Friends invited us to see an unusual Verdi opera, Simon Boccanegra, at the Deutsche Oper (thank you again, Philipp and Winnie!), and we attended the exhibition on post-War art (a form of nostalgia itself) at the Mies van der Rohe building near the Potsdamer Platz with our friend Katharina.

Everything was redolent of the years we lived there, and the effect was to create a whirlwind of heightened sensations, a connection to the past, that for me constitutes the joy of nostalgia. The best way I can illustrate the feeling is this photo...

...a palimpsest of fractured images, each one with a Berlin association - bikes, a fancy German car, pre- and post-War buildings - and at the heart of it, this older woman reading the newspaper (on real paper) while getting her hair dyed. She probably grew up right there in Prinzlauerberg when it was still part of East Berlin, before it was über-trendy and expensive. The Friseur itself seemed a survivor of a different era.
Because nostalgia helps connect the dots in our own life, as well as in the bigger picture, it is not surprising that Berlin, with its layered history - both its grand...

...and its tragic...

...sides - was a natural draw for a borderline nostaholic like me.

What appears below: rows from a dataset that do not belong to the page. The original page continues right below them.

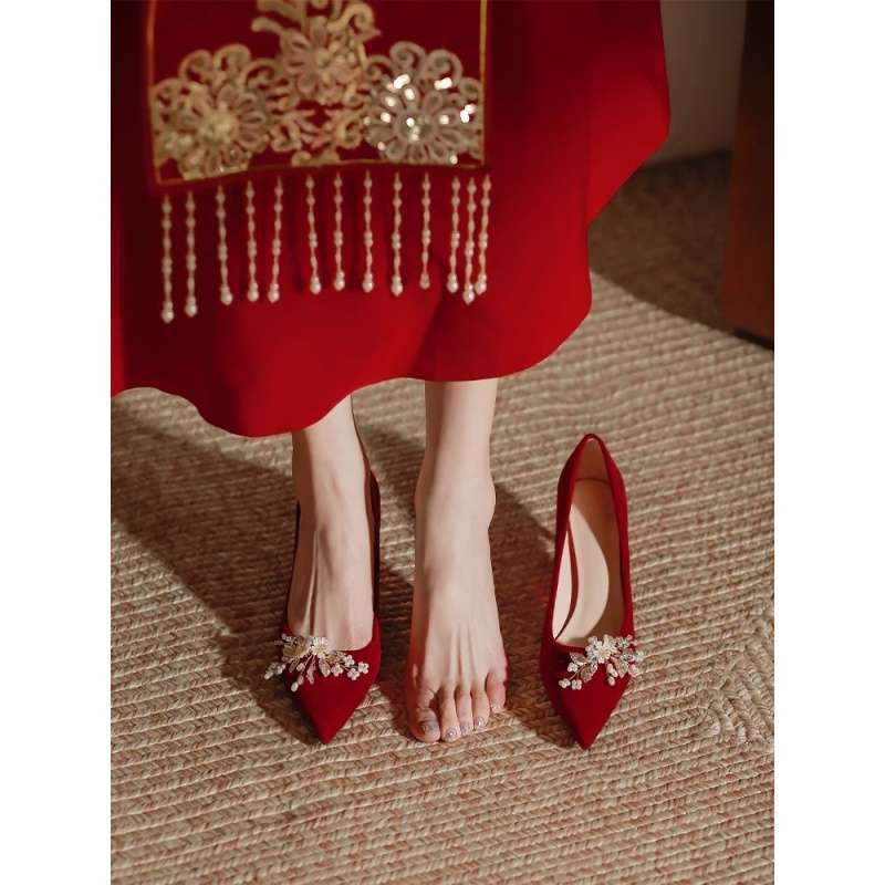 Sepatu Pernikahan Warna Merah Pakaian Xiuhe Wanita Sepatu Pengantin Wanita Dua Pakai Gaun Pengantin Wanita Bisa Pakai Sol Datar
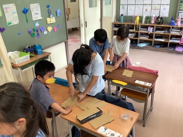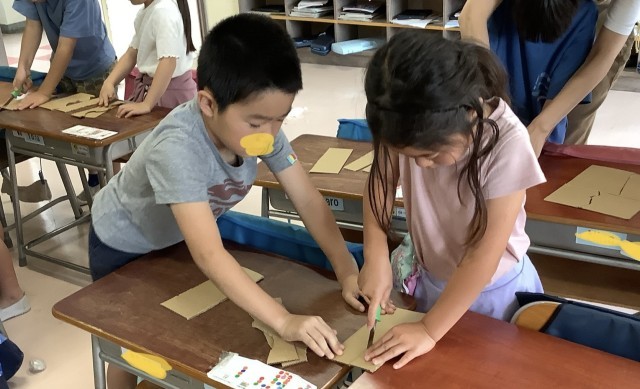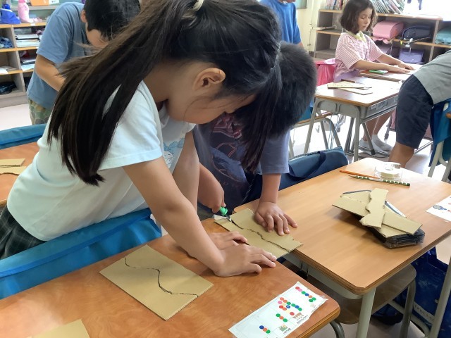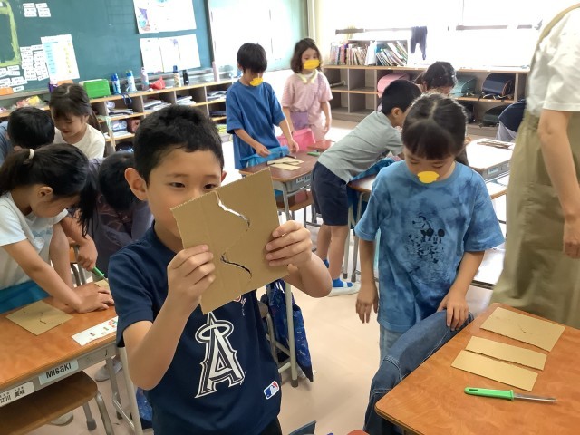 今日は、ダンボールカッターの使い方を練習しました。先生から持ち方や切り方を教わったのですが、気がついたら自分が持ちやすい持ち方や切り方に。先生に修正してもらいながら、友達と協力して活動しました。
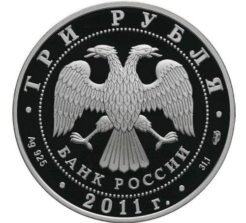 3 рубля 2011 года. 350-летие вхождения Бурятии в состав России. ММД

Living between the two cities, I thought a lot about the meaning of Home, wondered in these virtual pages when it is you start feeling fused with the morning light, instead of merely observing it.

Fascinated though I was Berlin, I never felt fully fused (and thankfully David didn't disagree). I missed Paris.
Which brings us back to Herr Doktor Hofer. While living the Berlin half of our life, I had the two most serious health scares of my life: a torn retina requiring 93 laser zaps to repair and an acute pancreatitis necessitating nine days in the Charité hospital, a building which kept popping up on the horizon, all during the visit.

Perhaps nostalgia and homesickness can be hyphenated, perhaps the condition can be physical after all. But that doesn't mean I don't like a wistful wander back from time to time.